Brunell's knack for making plays remains
Mark Brunell knows the question's inevitably on its way. Before every game, during every interview, the numbers on his birth certificate...
Seattle Times staff reporter
ASHBURN, Va. — Mark Brunell knows the question's inevitably on its way. Before every game, during every interview, the numbers on his birth certificate — 9-17-1970 — are as important as the numbers that usually define the value of a football player.
He's old, OK. Close to ancient as far as NFL quarterbacks are concerned.
Old enough to play for Don James at the University of Washington. Old enough to start his NFL career under Mike Holmgren in his second season as coach of the Green Bay Packers.
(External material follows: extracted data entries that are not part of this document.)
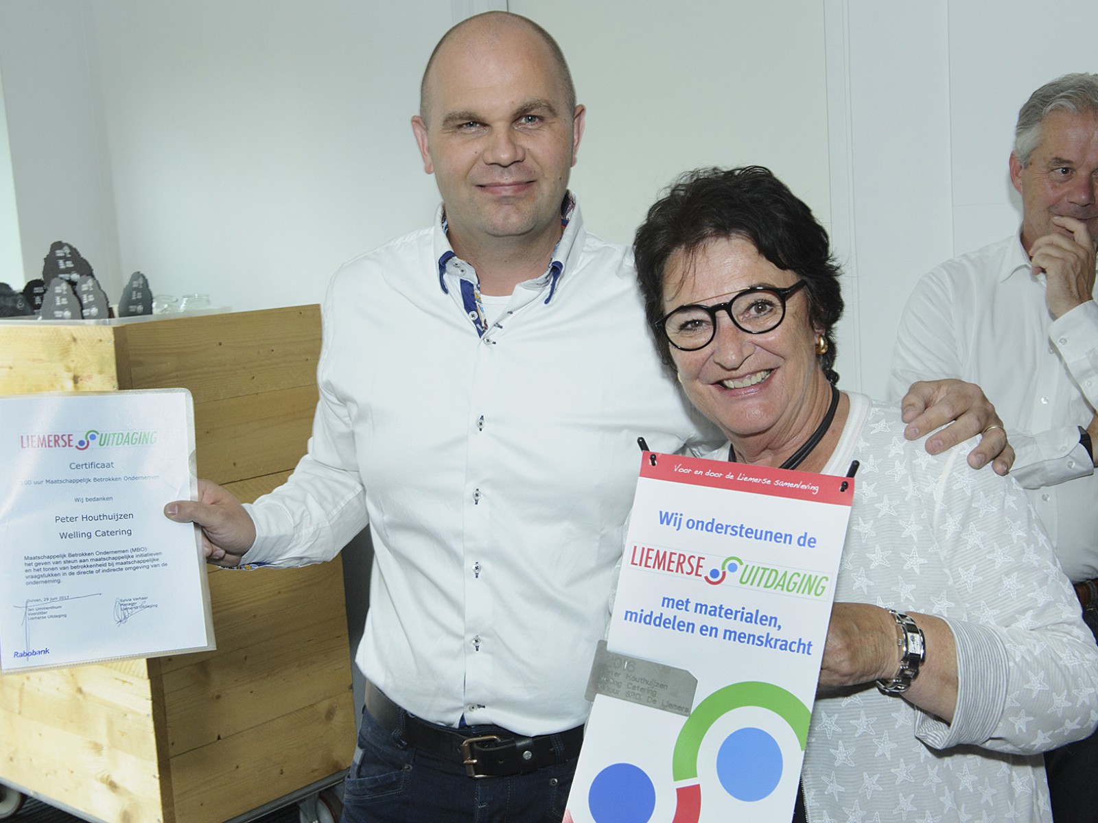 Jan Ummenthum: “Onze bestuursleden Axel Jansen (Jazo) en Harald Wiggers (Liemerse College) namen het initiatief voor dit Social Return on Investment certificaat. Het is een blijk van waardering voor diegenen die zich met gesloten portemonnee voor de Liemerse Uitdaging – en dus voor onze lokale gemeenschap – inzetten. We reiken dit eerste certificaat uit aan Peter Houthuijzen, omdat hij zeer breed actief is als maatschappelijk betrokken ondernemer.”
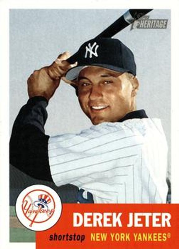 The Derek Jeter 2002 Topps Heritage #114 Base card is 1 of 3 Derek Jeter's card variations in the 2002 Topps Heritage set being tracked by Sports Card Investor, including New Age Performers, and Chrome /553.
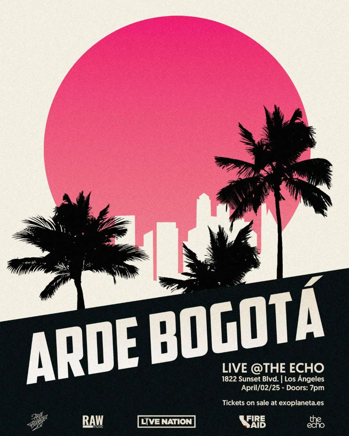 El próximo 2 de abril, la banda Cartagenera, España, ARDE BOGOTÁ se subirá al escenario de la legendaria sala THE ECHO y destinarán toda la recaudación del concierto a la organización FireAid para ayudar a los afectados por los incendios forestales en Los Ángeles.

Old enough to play for 13 seasons and 147 games and pass for more than 30,000 yards.
So it didn't surprise Brunell, 35, when he heard the age-old — or is it old-age? — question again Tuesday. He even managed to deflect it before the person finished asking.
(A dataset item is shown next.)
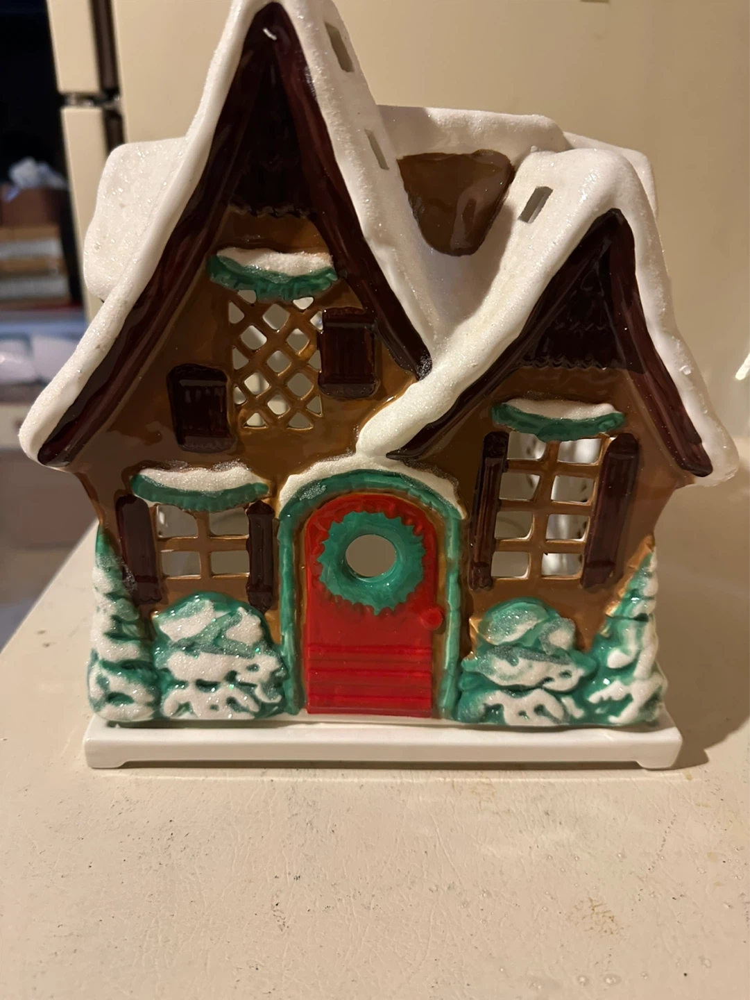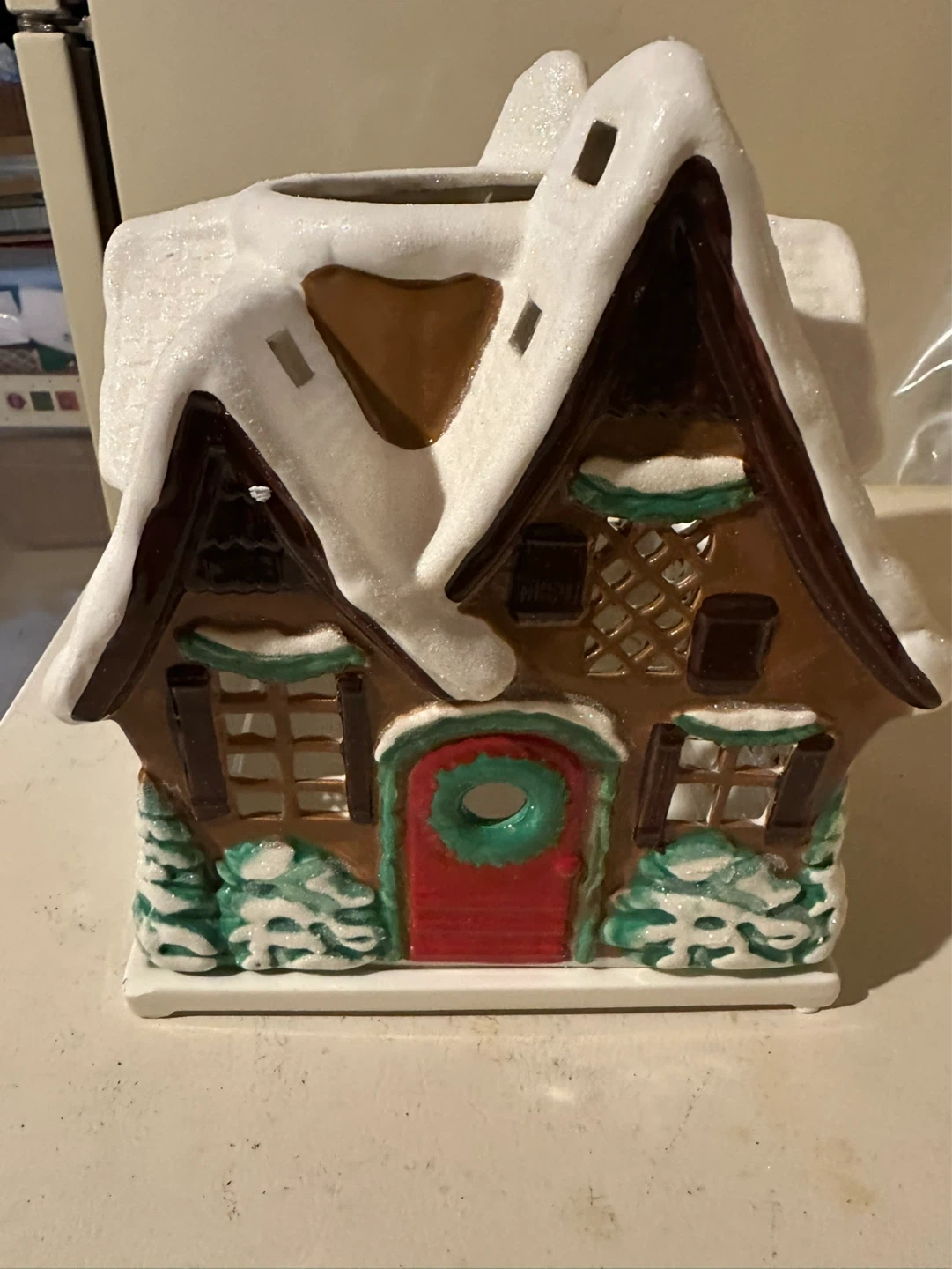 A festive PartyLite jar holder designed to look like a woodland cottage covered in snow. It features intricate details like trees and windows. It's perfect for adding a cozy, wintery touch to your home decor! Comes in original box
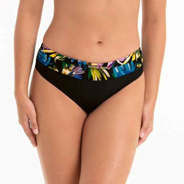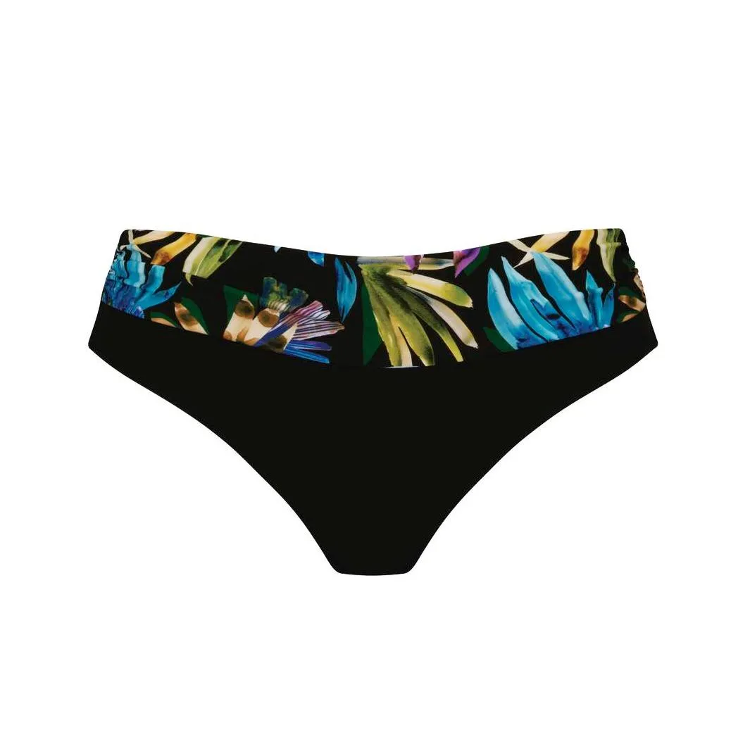 Классические плавки с широким поясом-отворотом Анита Фестиваль агавы с ярким тропическим принтом на черном фоне - Anita CHIARA Bikinihose M5-8477-0 815 agave. Стильное сочетание однотонной ткани и принта. Широкий пояс можно свернуть, занизив линию талии.

"Thank you," Brunell said. "I knew that one was coming."
For two years now Brunell has heard the whispers that he's past his prime. They started shortly before Joe Gibbs traded for Brunell from Jacksonville because he didn't believe the rumors, because he saw the Brunell that made five Pro Bowls (two as an alternate) and set 43 team records for the Jaguars.
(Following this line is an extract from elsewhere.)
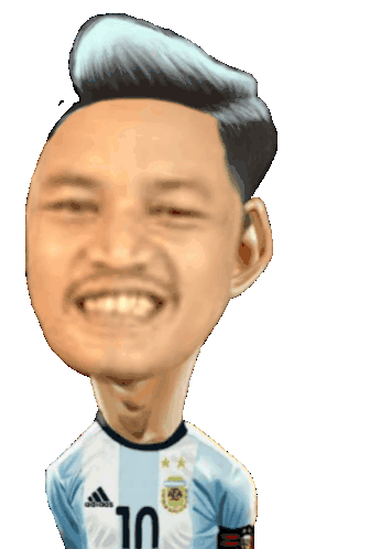 A funny caricature of Lionel Messi in an Argentina football jersey, smiling with a 'GOO' text beside him.
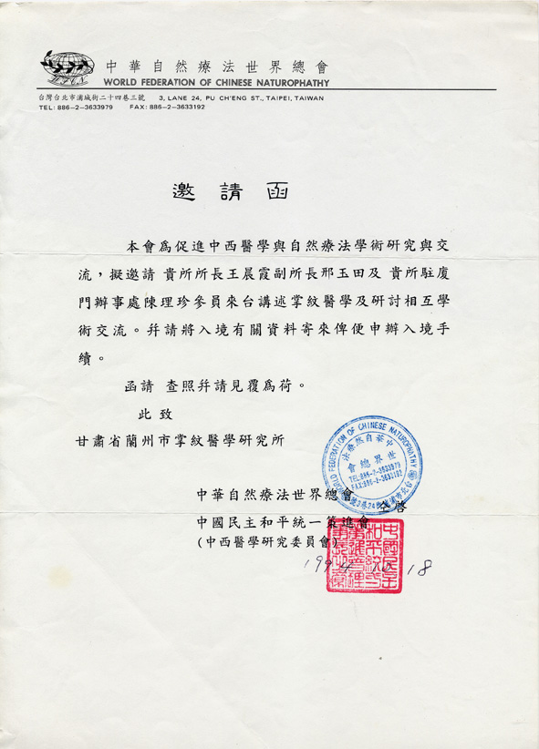 1994年8月28日——11月5日,王晨霞应邀在厦门莲花医院讲学诊病。

Speaking from his home in California on Tuesday, Brunell's college coach summed the here-to-now in four words.
"Joe Gibbs just believed," Don James said.
Brunell started the first nine games last season, completed less than half his passes, posted his lowest quarterback rating since his second season in Green Bay. Washington finished 6-10.
The old coach's belief in the old quarterback didn't matter anymore. Patrick Ramsey would be the starting quarterback. Brunell would pass on the wisdom of experience.
"We didn't have a great season last year," tackle Chris Samuels said. "A lot of people got down on him for that. He's proven those guys wrong this season."
This has been the season where Mark Brunell has done enough. The old man has the starting job, more touchdowns and a better completion percentage and quarterback rating than a season ago.
He has played injured, returning from a knee injury late in the season against Philadelphia when Washington needed a win to stay alive in the playoff race. He's been a leader. And now he's coming back to Seattle, where they remember him for Rose Bowl wins and Huskies glory.
James remembers Brunell well. Remembers the quarterback from California he rated higher than Todd Marinovich. Remembers the spring practice when Brunell tore up his knee — "the most sickening injury I've ever been around," James said. Remembers the game against Purdue, one of Brunell's first starts, when he lined up one play under guard — "all those butts look the same," James reasoned.
Holmgren remembers, too. Remembers the way Brunell used his legs as weapons. Remembers Brunell's innate ability to accelerate out of the pocket and into the open field.
"He was a smart, team player," James said. "He was everything you would want in a quarterback. He wasn't a blowhard, but he didn't lack in confidence."
Brunell might have lost some of the legs along the way, but he never lost that confidence. Not last season. And not last week, in the playoffs against the top-ranked defense of Tampa Bay.
Age completed 7 of 15 passes for 41 yards, while Washington set an NFL low for a winning playoff team with 120 yards. Beauty hopes to return this week against an improved Seahawks defense that won't remind anyone of Tampa Bay.
Brunell did not fall back on excuses afterward. Even Tuesday he said his leg felt fine against the Buccaneers, fine this week. That's part of being a leader, part of being Mark Brunell.
"People are going to say what they want to say," receiver Santana Moss said. "It sells. It's real nice to see him be the Mark Brunell he's always been. You can't change his name or change what he's done over one year."
Brunell knows as well as anyone that Gibbs won three Super Bowls with three quarterbacks — Joe Theismann, Doug Williams and Mark Rypien — over 30. He also knows that any quarterback over 30 is running out of chances.
That's why he ducked a question directed at his year specifically — "I don't want to" — but still addressed what this season means.
"There are a lot of reasons you go into these games wanting to win," Brunell said. "For me, [knowing time is running out] is one of them. The biggest thing is to do it for the team. The opportunity may not come again. It's good to be playing again. It's good to be having success.
"You think about all that when the season is over. When you can sit down and reflect and realize how special this year has been."
With that, Brunell exited the media room having answered the familiar question wearing unfamiliar colors. Washington State colors. Or close enough.
"I try not to think about it, but yes, it is maroon," Brunell said. "Hopefully [Saturday] we'll be wearing all white [uniforms]."